GOAL OF THE EXERCISE >> Below are the records; extract from them the line containing "On thé horizon, just" to the line containing "Nhiều diện tích", both lines included, exactly and with no pictures.

MATERIALS PROVIDED >>
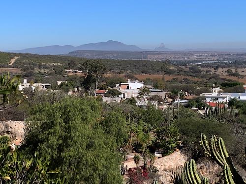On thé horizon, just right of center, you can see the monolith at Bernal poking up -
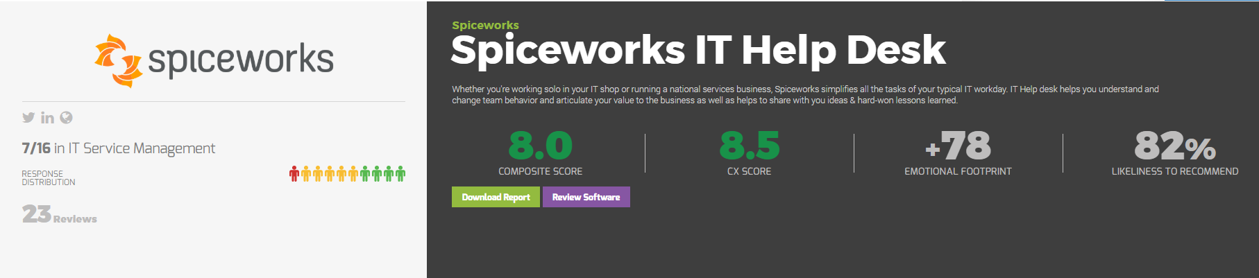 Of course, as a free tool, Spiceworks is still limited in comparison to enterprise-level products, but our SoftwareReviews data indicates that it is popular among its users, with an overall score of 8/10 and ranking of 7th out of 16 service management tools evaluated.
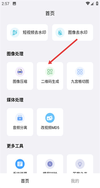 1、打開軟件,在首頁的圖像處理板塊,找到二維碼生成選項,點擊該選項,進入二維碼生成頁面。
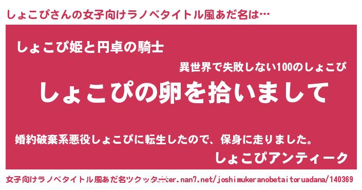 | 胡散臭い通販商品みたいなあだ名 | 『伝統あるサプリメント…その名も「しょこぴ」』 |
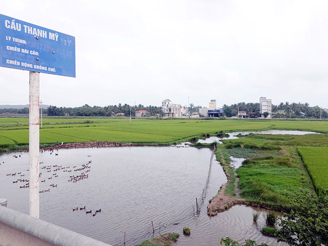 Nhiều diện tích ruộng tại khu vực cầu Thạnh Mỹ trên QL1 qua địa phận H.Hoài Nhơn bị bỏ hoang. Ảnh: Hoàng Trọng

==

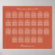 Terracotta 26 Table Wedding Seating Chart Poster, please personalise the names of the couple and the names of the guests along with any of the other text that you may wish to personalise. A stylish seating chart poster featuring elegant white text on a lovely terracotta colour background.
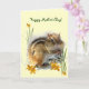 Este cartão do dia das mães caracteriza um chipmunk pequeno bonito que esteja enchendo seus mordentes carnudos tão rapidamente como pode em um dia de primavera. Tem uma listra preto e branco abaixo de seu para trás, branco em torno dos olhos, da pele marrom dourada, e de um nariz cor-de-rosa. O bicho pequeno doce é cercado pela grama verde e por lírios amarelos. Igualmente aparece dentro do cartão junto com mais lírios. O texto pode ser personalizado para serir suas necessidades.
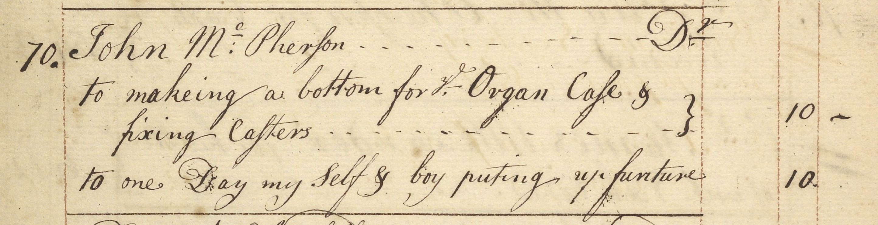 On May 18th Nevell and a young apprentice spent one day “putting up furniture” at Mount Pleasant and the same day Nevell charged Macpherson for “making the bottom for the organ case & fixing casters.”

...

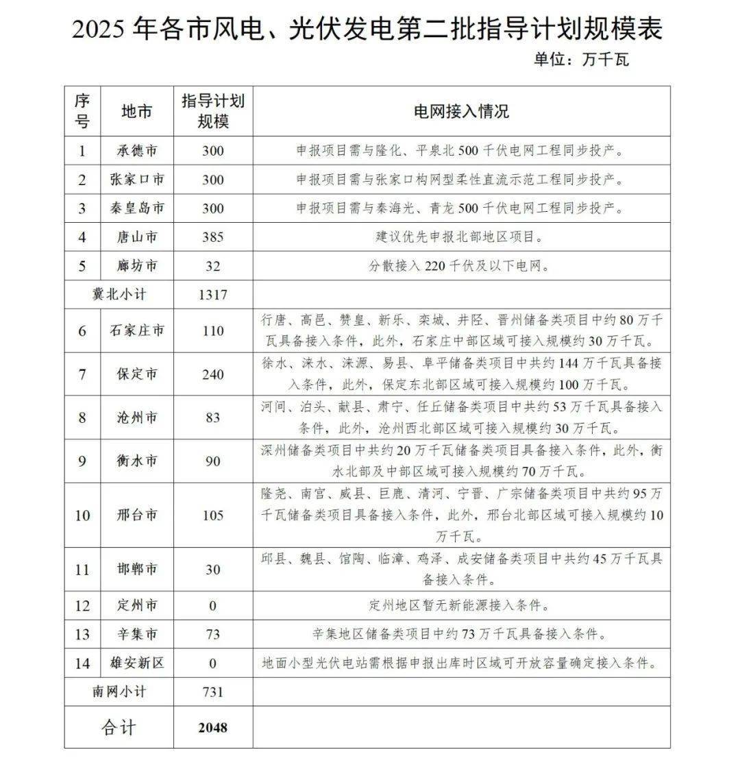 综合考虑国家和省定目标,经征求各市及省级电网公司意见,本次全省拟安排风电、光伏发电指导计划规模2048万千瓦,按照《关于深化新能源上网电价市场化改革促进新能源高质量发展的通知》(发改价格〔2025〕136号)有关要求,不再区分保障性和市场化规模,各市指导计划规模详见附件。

WRITTEN RESPONSE >>
On thé horizon, just right of center, you can see the monolith at Bernal poking up -
 Of course, as a free tool, Spiceworks is still limited in comparison to enterprise-level products, but our SoftwareReviews data indicates that it is popular among its users, with an overall score of 8/10 and ranking of 7th out of 16 service management tools evaluated.
 1、打開軟件,在首頁的圖像處理板塊,找到二維碼生成選項,點擊該選項,進入二維碼生成頁面。
 | 胡散臭い通販商品みたいなあだ名 | 『伝統あるサプリメント…その名も「しょこぴ」』 |
 Nhiều diện tích ruộng tại khu vực cầu Thạnh Mỹ trên QL1 qua địa phận H.Hoài Nhơn bị bỏ hoang. Ảnh: Hoàng Trọng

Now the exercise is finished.